Your assignment. Exclude all pictures from your copy of the data below, which should otherwise match exactly.

[Opening Data excerpt section]

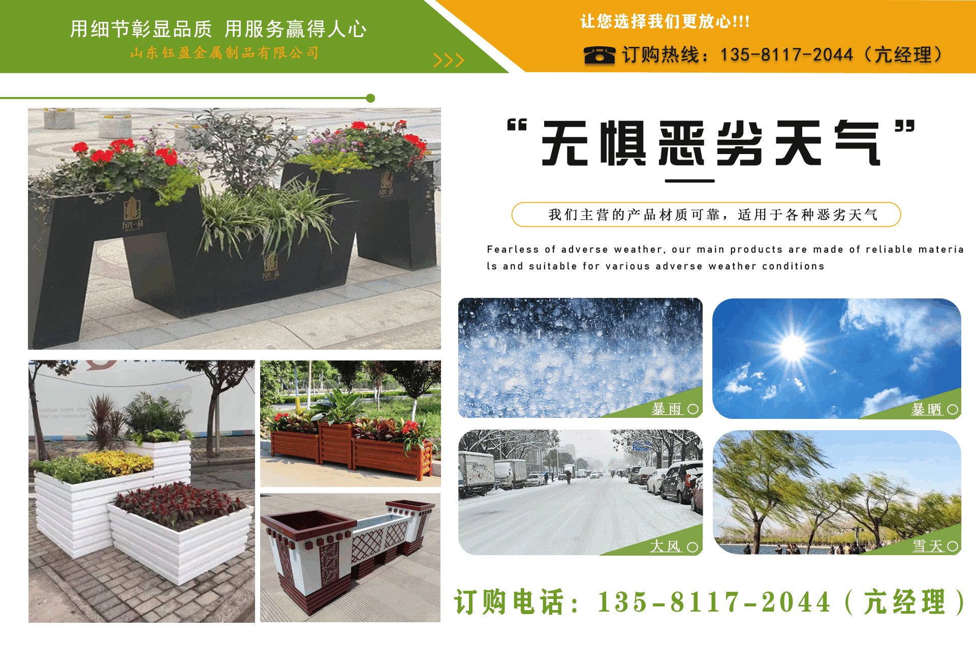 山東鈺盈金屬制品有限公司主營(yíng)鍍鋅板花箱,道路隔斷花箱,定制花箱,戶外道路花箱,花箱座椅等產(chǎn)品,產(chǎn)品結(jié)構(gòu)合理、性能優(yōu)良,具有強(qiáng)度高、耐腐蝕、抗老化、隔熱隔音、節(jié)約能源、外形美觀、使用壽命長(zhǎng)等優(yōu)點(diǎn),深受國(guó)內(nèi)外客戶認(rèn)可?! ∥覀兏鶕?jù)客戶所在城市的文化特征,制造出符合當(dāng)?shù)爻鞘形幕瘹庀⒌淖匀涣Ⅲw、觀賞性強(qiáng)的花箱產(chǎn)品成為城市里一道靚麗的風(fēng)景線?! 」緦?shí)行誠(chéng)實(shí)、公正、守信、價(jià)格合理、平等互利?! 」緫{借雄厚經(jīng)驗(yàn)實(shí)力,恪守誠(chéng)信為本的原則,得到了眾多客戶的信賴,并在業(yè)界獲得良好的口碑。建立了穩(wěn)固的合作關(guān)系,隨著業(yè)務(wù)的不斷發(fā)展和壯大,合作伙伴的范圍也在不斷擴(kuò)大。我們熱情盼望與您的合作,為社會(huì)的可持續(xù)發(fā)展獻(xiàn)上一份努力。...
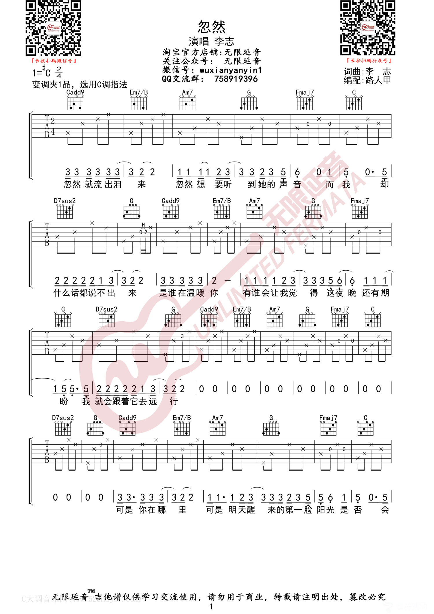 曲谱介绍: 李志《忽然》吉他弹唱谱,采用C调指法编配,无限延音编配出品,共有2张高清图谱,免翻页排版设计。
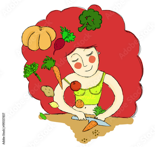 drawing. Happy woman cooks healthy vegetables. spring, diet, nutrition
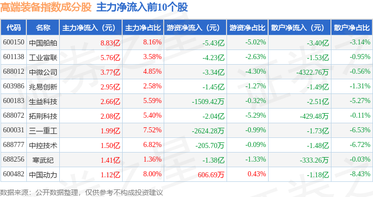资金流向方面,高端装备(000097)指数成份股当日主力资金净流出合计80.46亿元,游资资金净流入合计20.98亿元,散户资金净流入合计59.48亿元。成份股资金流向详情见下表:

[Closing Data excerpt section]

Response area.
 山東鈺盈金屬制品有限公司主營(yíng)鍍鋅板花箱,道路隔斷花箱,定制花箱,戶外道路花箱,花箱座椅等產(chǎn)品,產(chǎn)品結(jié)構(gòu)合理、性能優(yōu)良,具有強(qiáng)度高、耐腐蝕、抗老化、隔熱隔音、節(jié)約能源、外形美觀、使用壽命長(zhǎng)等優(yōu)點(diǎn),深受國(guó)內(nèi)外客戶認(rèn)可?! ∥覀兏鶕?jù)客戶所在城市的文化特征,制造出符合當(dāng)?shù)爻鞘形幕瘹庀⒌淖匀涣Ⅲw、觀賞性強(qiáng)的花箱產(chǎn)品成為城市里一道靚麗的風(fēng)景線?! 」緦?shí)行誠(chéng)實(shí)、公正、守信、價(jià)格合理、平等互利?! 」緫{借雄厚經(jīng)驗(yàn)實(shí)力,恪守誠(chéng)信為本的原則,得到了眾多客戶的信賴,并在業(yè)界獲得良好的口碑。建立了穩(wěn)固的合作關(guān)系,隨著業(yè)務(wù)的不斷發(fā)展和壯大,合作伙伴的范圍也在不斷擴(kuò)大。我們熱情盼望與您的合作,為社會(huì)的可持續(xù)發(fā)展獻(xiàn)上一份努力。...
 曲谱介绍: 李志《忽然》吉他弹唱谱,采用C调指法编配,无限延音编配出品,共有2张高清图谱,免翻页排版设计。
 drawing. Happy woman cooks healthy vegetables. spring, diet, nutrition
资金流向方面,高端装备(000097)指数成份股当日主力资金净流出合计80.46亿元,游资资金净流入合计20.98亿元,散户资金净流入合计59.48亿元。成份股资金流向详情见下表:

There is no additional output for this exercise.